Can you imagine how much of our world’s history, knowledge, and philosophy would not exist if it weren’t for written letters?

Much of the ancient world would be a mystery to use without those letters between philosophers and historians. The treatise is a simple extension of the letter. Those documents formed the very foundation of what we know as literature, scientific notation, constitutions, etc.

Family members wrote to one another, knowing that they might never get a response from the one who’d moved so far away, or the one who’d stayed in the old neighborhood/country. Hope clung to fragile ink-covered pages, written with love, despair, anticipation, disgust, and all the rest of human emotion.
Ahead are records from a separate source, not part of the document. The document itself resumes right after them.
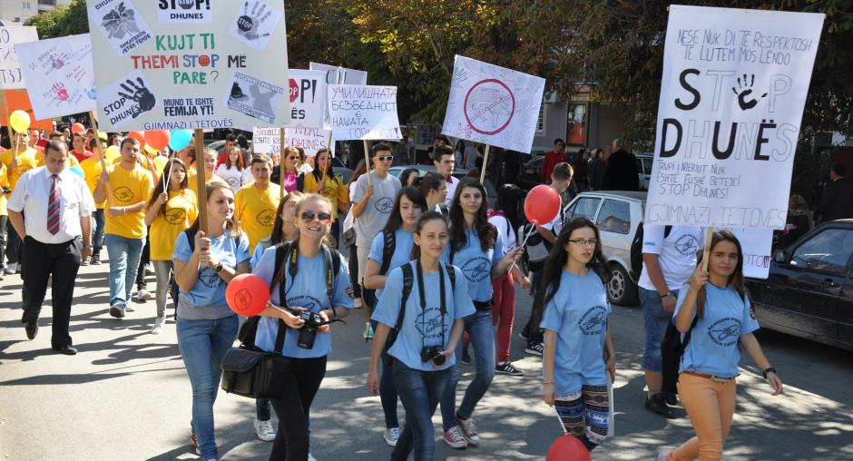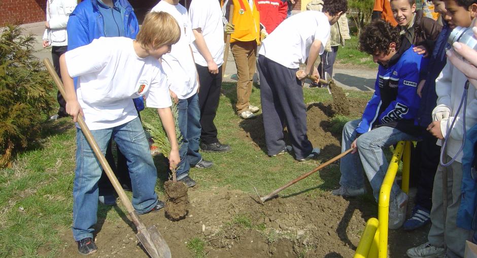School children take part in an environmental awareness-raising event organized by Gjorce Petrov municipality in Skopje with the OSCE, Gjorce Petrov Police Station, the Ministry of Ecology and Urban Planning and others, 21 March 2006. (OSCE)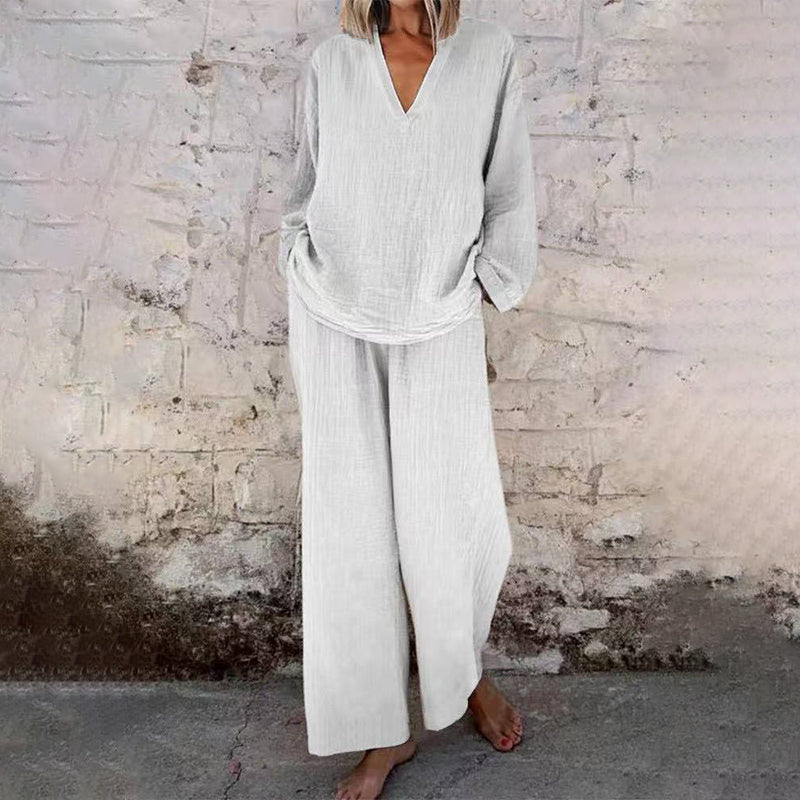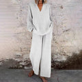 Casual Solid Color V-Neck Long Sleeve Top & Wide-Leg Pants Set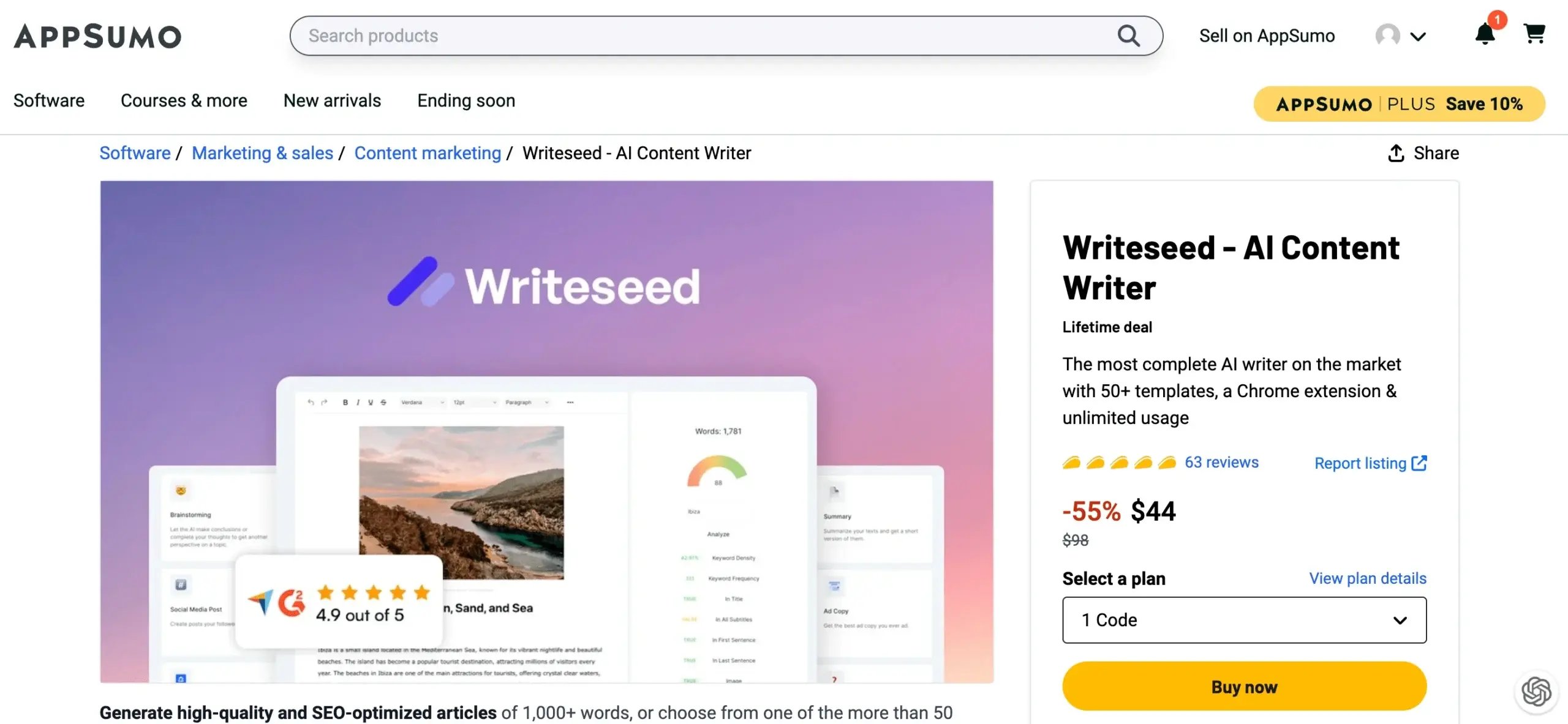 You can get a lifetime deal of Writeseed for just $44, which is definitely a cost-effective solution for those who write content regularly.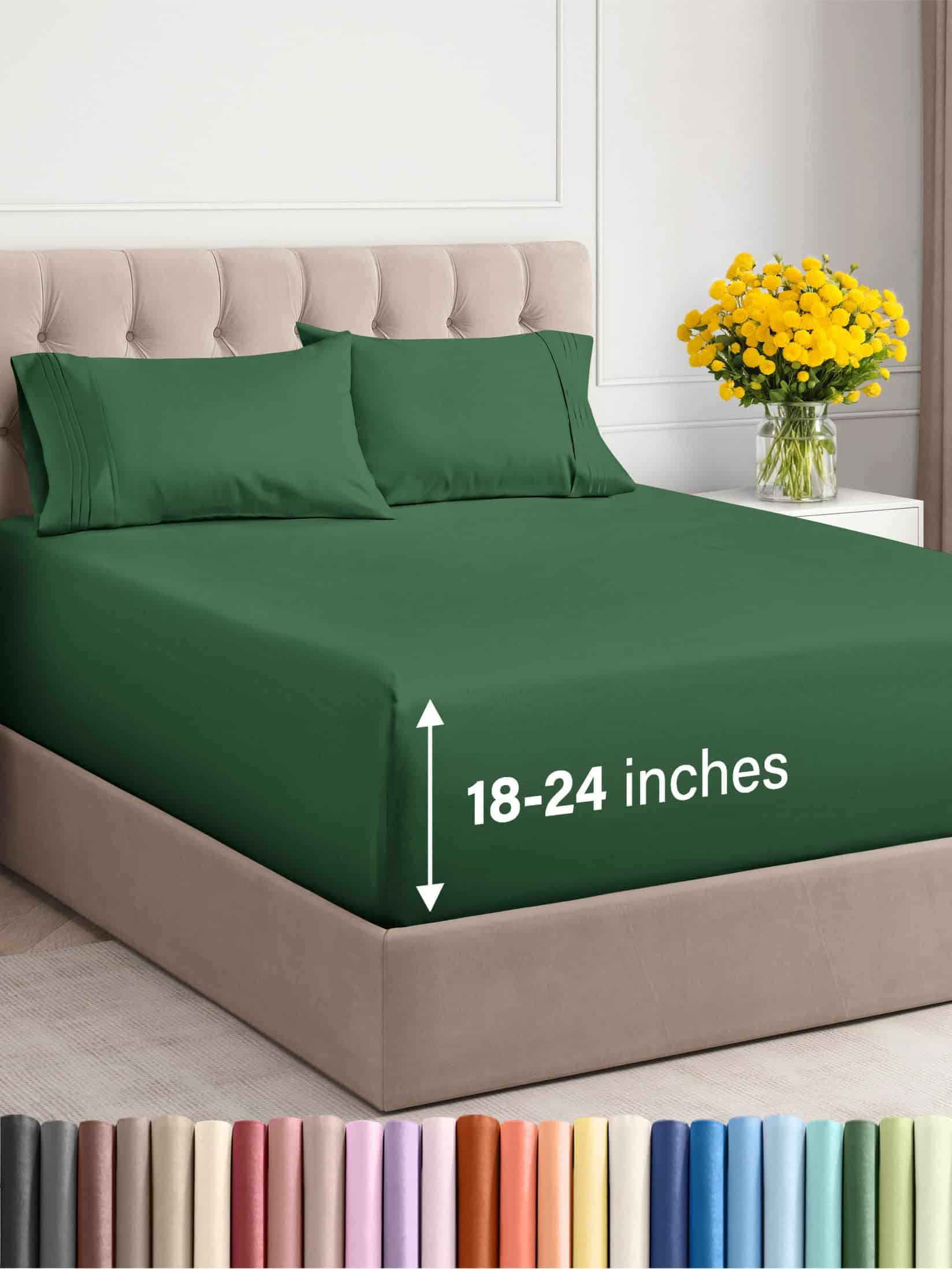 Estas sábanas extra profundas para cama matrimonial en color verde esmeralda son la elección perfecta para aquellos que buscan una experiencia de sueño de lujo. Hechas de microfibra súper suave, estas sábanas son más suaves que el algodón y tienen una sensación ligera que te hará dormir plácidamente toda la noche. El juego de sábanas incluye una sábana plana, una sábana ajustable extra profunda y dos fundas de almohada que cuentan con un elegante diseño de bordado decorativo. Las sábanas son ideales para colchones con topper, ya que tienen bolsillos de 21 pulgadas de profundidad que se ajustan a colchones de hasta 24 pulgadas de grosor. Sin importar si tienes un colchón con cubierta de almohadón, topper de espuma o cualquier otra adición, estas sábanas se mantendrán en su lugar y no se desprenderán. Descansa tranquilo sabiendo que tu cama estará vestida con estas sábanas de lujo que son suaves, sin arrugas y cómodas. Eleva tu experiencia de dormir con estas sábanas extra profundas de color verde esmeralda.

Did those pioneers recognize the tradition they followed from a thousand years before?

As we move further into a new world that disdains the tangible personal letter, we need to look back for a moment to imprint in our minds what we’re giving up. Physical remains of letters have survived for thousands of years. One badly timed lightning strike can wipe out years of work or correspondence.

Mother Nature doesn’t care about electrons that floated around or are stored in the ether around us. A scrambled atmosphere can do as much damage in the long run as a flood. All communication is vulnerable to disaster, computer driven no less than the Pony Express.

At the end of the day, though, we choose to use our time to communicate with dreams, aspirations, and secrets from one person to another, or merely to open a channel and punch keys.

The individual decides. Quick and dirty or thoughtful and fulsome? When is the last time letters arrived in your mailbox?